This article was published in Australian Dictionary of Biography, Volume 16, (MUP), 2002

Ada Jean Hounsell Williamson (1891-1977), journalist, was born on 31 October 1891 at Belmont, New South Wales, eldest of five children of native-born parents John Alexander Williamson, contractor, and his wife Ada Mary Theobald, née Hannell. Known as Jean, to distinguish her from her mother, she was privately educated at Newcastle. She began her career as a freelance contributor to the Australian Town and Country Journal, Evening News and Sunday Sun. In 1916 she joined the staff of the Sydney-based Farmer and Settler newspaper, where for two years she conducted the women's page. John Fairfax & Sons Ltd offered her a cadetship on the Sydney Morning Herald in 1918. She soon succeeded Florence Baverstock as social editor, working in a tiny corner of the Herald building, which she maintained was the office broom-cupboard.

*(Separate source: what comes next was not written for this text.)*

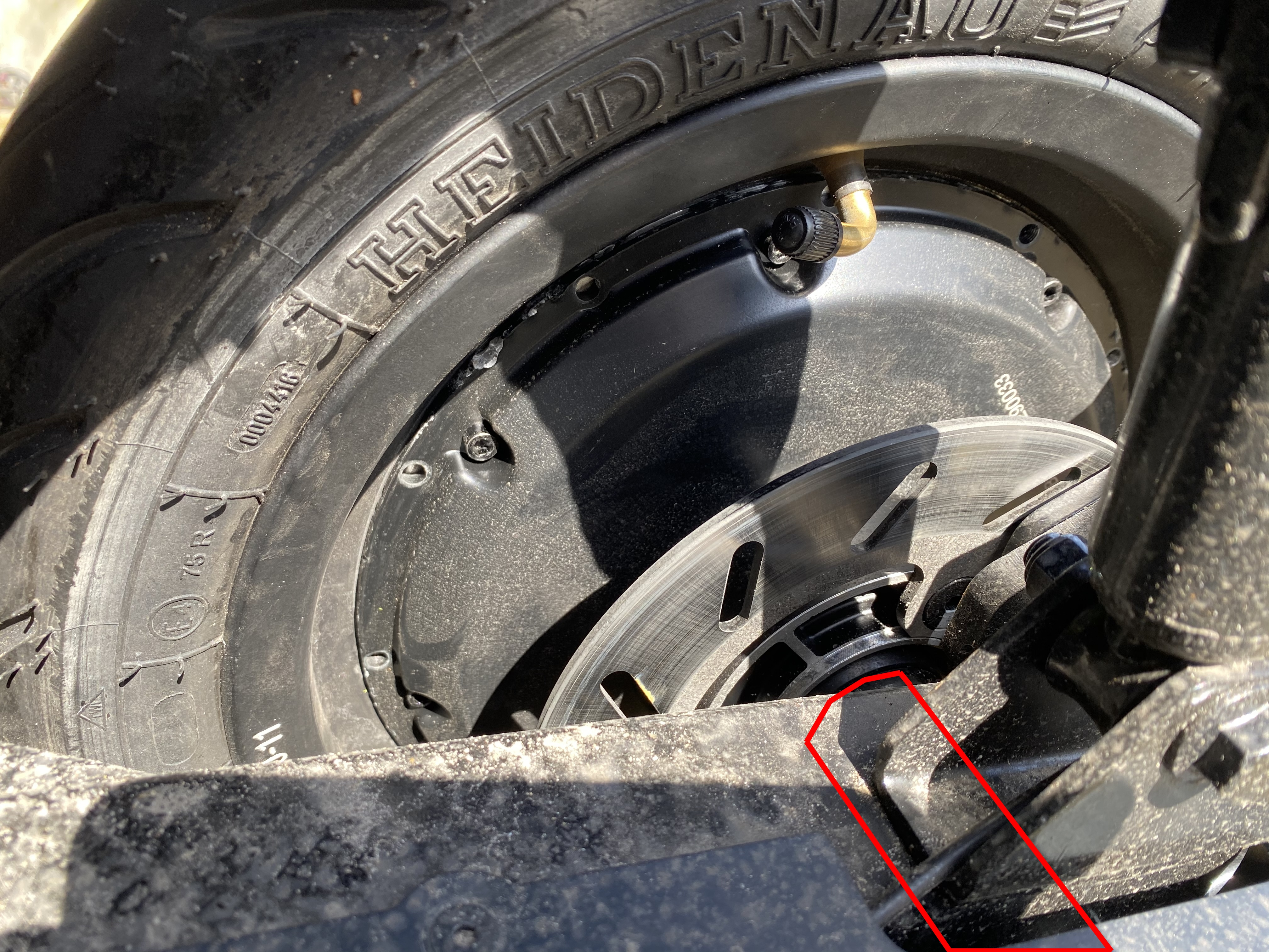 Hier nochmal ein Bild von der anderen Seite, nachdem ich den Reifen umgedreht habe. Leider habe ich nur ein Bild von der falschen Seite kurz nach Eintreffen des Rollers gemacht. Ob sich die Befestigung von selbst gelöst hat oder vergessen wurde, lässt sich leider nicht mehr nachvollziehen.

Baverstock's daughter Dolly, who worked with Williamson, remembered her as 'a big, lazy, sweet-natured woman' who never seemed flustered. She was easy going, forthright, sometimes bawdy, and jovial with her fellow workers. Often absent from work, due to illness, she was dismissed in November 1919. In a letter begging for reinstatement, she explained that 'last year was an abnormal year for me. The week I joined the staff, my fiancé, Lt Atkinson, died as a result of disease contracted while on active service. Then sickness was rampant in my own home, so that the loss I sustained and general worries all brought about my breakdown, rather than the strenuousness of my duties'. Allowed to continue, she was promoted to 'senior grade' in 1926 and A grade by 1929. She was a staunch member of the Australian Journalists' Association. In 1927 she covered the opening of Parliament House in Canberra by the Duke of York, receiving a special dress allowance of £20.

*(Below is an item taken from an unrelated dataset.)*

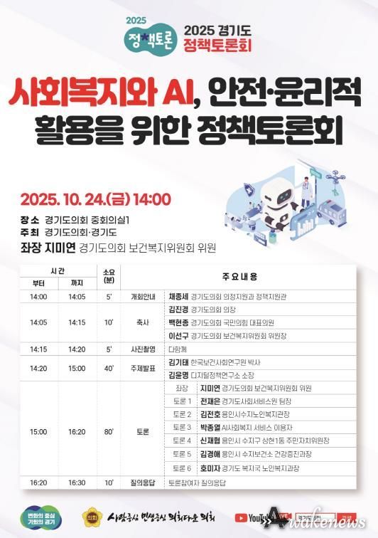 행사는 경기도의회, 경기도가 공동 주최하며, 지미연 의원이 좌장을 맡아 진행한다. 이날 행사에는 학계, 공공기관, 보건의료 분야, 주민 대표, 경기도 담당부서 등 다양한 분야의 전문가들이 참석해 사회복지 영역에서의 AI 기술 안전 활용 방안과 제도적 개선 방향을 논의할 예정이다.

Williamson joined the staff of (Sir) Frank Packer and E. G. Theodore's new magazine, the Australian Women's Weekly, in June 1933. Expecting to be an administrative editor, she was surprised when asked to take charge of fiction. By 1934, she edited a page entitled 'New Books'. She recalled: 'I didn't like it at first but there came an upsurge of excitement when country women began writing such intimate letters saying how The Weekly enriched their lives—revealing unconsciously their loneliness. I began to think of the shortage of lighter-type reading matter in my family home in the country and my ideas changed'.

In 1936 Packer and Theodore established Consolidated Press Ltd, which took over the Weekly, and in March launched the revamped Daily Telegraph. They appointed Williamson as one of its 'Ten Brilliant Editors', describing her as combining 'a rare understanding of women's interests with a polished newspaper technique'. After organizing the enlarged women's section, she soon returned to the Weekly as fiction editor. She selected weekly serials by such well-known authors as Dornford Yates (1934), Agatha Christie (1943), Duff Cooper (1949) and Georgette Heyer (1954), as well as three or four short stories per issue. Few writers were Australian, although she did include works by Dorothy Cottrell and Nevil Shute in the 1950s.

By the time Jean Williamson retired in 1959 the formula had scarcely changed. Her hobby was breeding prize-winning poultry. She died on 14 January 1977 at the Masonic Hospital, Ashfield, and was cremated. She had never married.

Select Bibliography

  • D. McNicoll, Luck's a Fortune (Syd, 1979)
  • D. O'Brien, The Weekly (Melb, 1982)
  • V. Lawson, Connie Sweetheart (Melb, 1990)
  • Newspaper News, 2 Mar 1936, p 15, 10 July 1959, p 1
  • Journalist, Mar 1977, p 5
  • Daily Telegraph (Sydney), 17 Mar 1936, p 5
  • John Fairfax Group Pty Ltd Archives, Sydney.

Citation details

Valerie Lawson, 'Williamson, Ada Jean Hounsell (1891–1977)', Australian Dictionary of Biography, National Centre of Biography, Australian National University, http://adb.anu.edu.au/biography/williamson-ada-jean-hounsell-12037/text21593, published first in hardcopy 2002, accessed online 23 July 2019.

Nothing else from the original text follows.